### WHAT TO WORK ON:
Go to the line below that has "SpiceBox Kits for", print it and each line after it exactly, and stop after the line that has "- Pour the mixture"; leave out pictures.

### PROVIDED DATA:
---
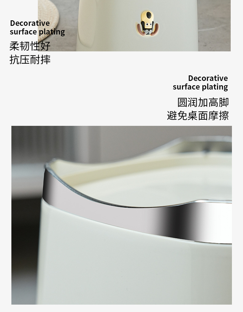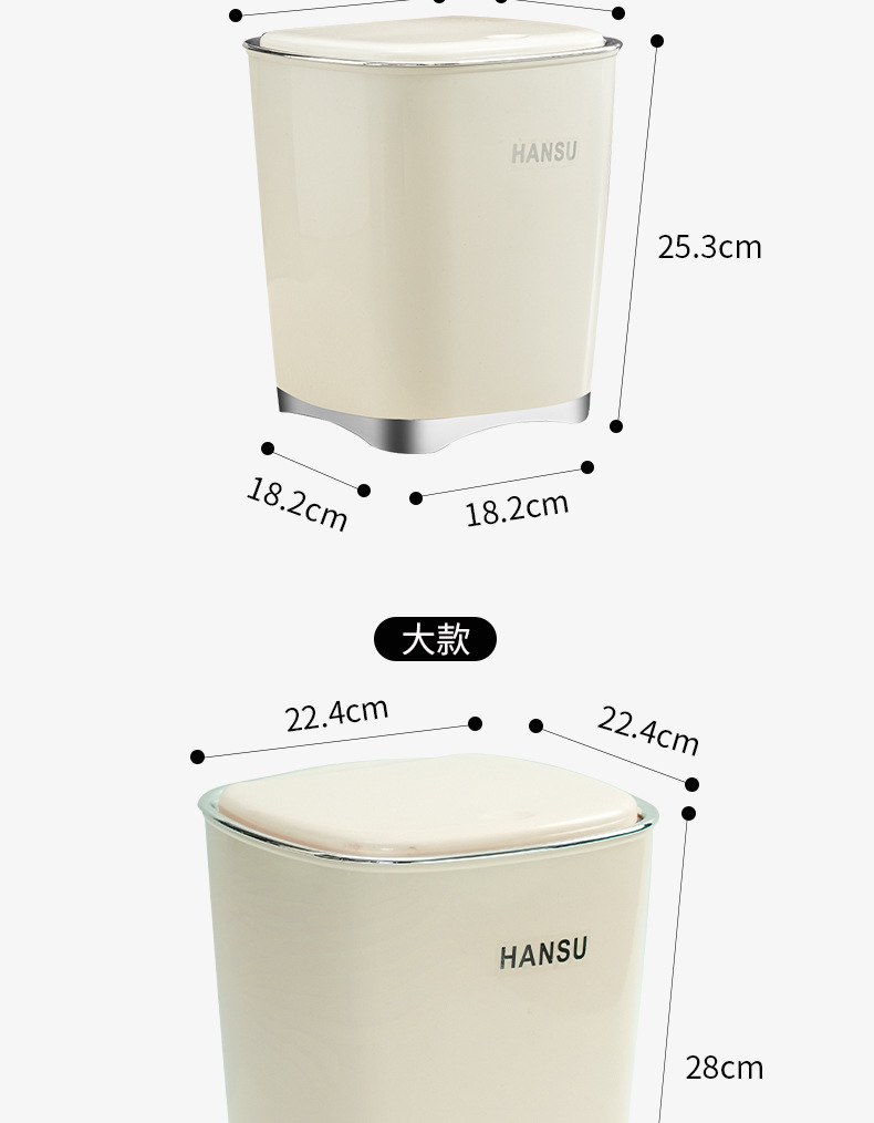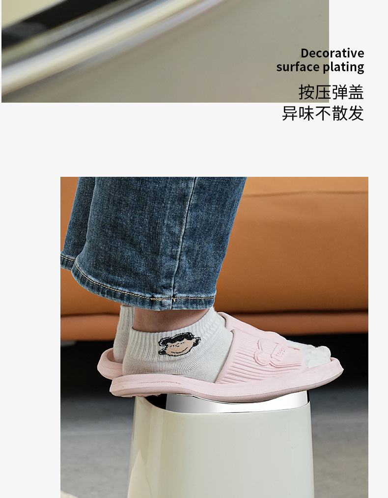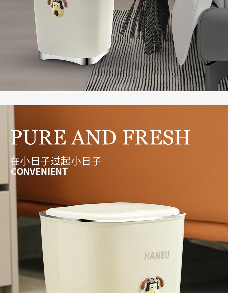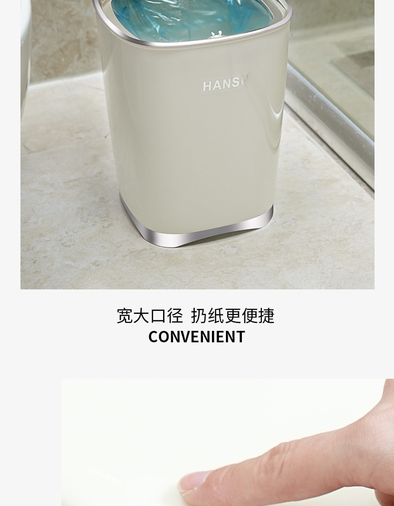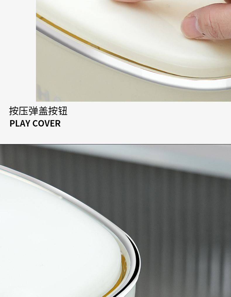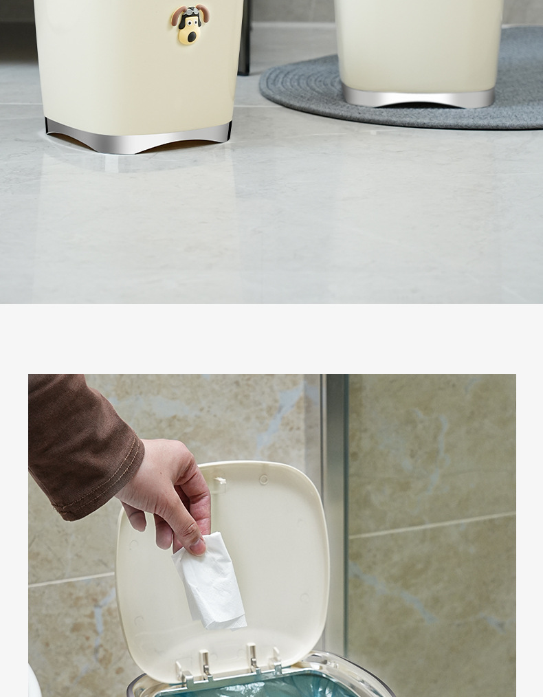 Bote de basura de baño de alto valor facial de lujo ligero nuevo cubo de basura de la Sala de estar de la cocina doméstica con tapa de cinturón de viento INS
---
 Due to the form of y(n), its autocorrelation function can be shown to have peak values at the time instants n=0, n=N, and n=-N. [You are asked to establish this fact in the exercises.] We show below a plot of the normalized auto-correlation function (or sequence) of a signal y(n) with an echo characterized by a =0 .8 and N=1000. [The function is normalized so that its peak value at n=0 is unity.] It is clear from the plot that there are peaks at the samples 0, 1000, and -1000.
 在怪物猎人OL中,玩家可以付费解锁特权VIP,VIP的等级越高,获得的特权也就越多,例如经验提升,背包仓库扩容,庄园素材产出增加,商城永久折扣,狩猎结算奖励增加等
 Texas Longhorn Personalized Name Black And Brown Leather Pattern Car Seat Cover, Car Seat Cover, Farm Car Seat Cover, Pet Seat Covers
---
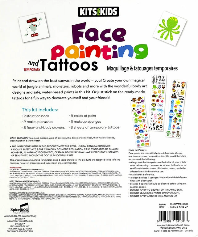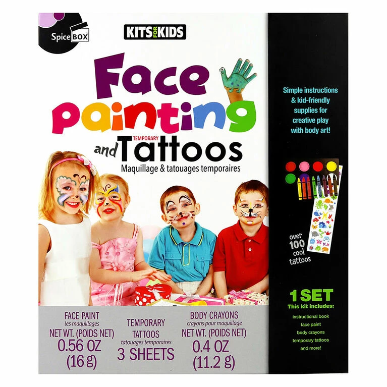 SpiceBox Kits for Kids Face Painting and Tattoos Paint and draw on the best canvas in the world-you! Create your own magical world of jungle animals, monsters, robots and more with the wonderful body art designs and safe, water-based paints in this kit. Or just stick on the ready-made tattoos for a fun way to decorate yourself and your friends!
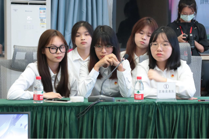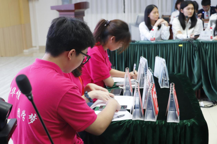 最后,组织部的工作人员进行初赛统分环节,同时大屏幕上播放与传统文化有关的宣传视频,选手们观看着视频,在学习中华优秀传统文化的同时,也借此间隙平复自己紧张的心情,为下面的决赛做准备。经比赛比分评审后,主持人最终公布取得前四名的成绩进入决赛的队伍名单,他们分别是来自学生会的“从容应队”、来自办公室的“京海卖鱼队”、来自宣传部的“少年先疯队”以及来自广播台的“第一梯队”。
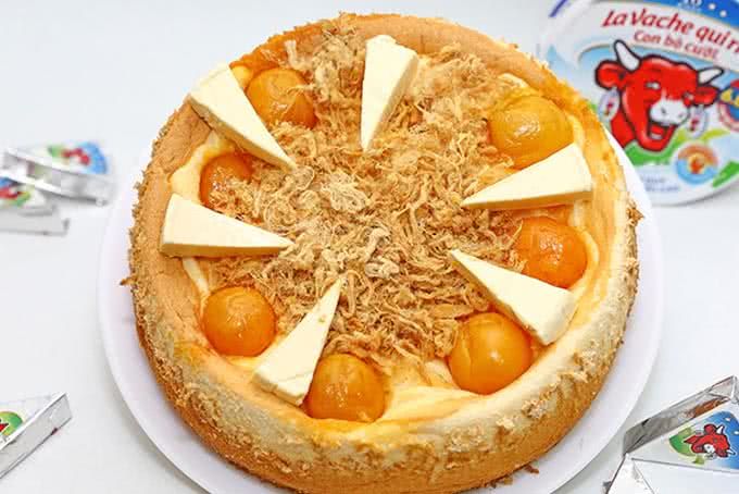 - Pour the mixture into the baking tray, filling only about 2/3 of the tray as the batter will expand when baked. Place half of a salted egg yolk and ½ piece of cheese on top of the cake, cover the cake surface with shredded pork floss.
---
### TASK SOLUTION:
 SpiceBox Kits for Kids Face Painting and Tattoos Paint and draw on the best canvas in the world-you! Create your own magical world of jungle animals, monsters, robots and more with the wonderful body art designs and safe, water-based paints in this kit. Or just stick on the ready-made tattoos for a fun way to decorate yourself and your friends!
 最后,组织部的工作人员进行初赛统分环节,同时大屏幕上播放与传统文化有关的宣传视频,选手们观看着视频,在学习中华优秀传统文化的同时,也借此间隙平复自己紧张的心情,为下面的决赛做准备。经比赛比分评审后,主持人最终公布取得前四名的成绩进入决赛的队伍名单,他们分别是来自学生会的“从容应队”、来自办公室的“京海卖鱼队”、来自宣传部的“少年先疯队”以及来自广播台的“第一梯队”。
 - Pour the mixture into the baking tray, filling only about 2/3 of the tray as the batter will expand when baked. Place half of a salted egg yolk and ½ piece of cheese on top of the cake, cover the cake surface with shredded pork floss.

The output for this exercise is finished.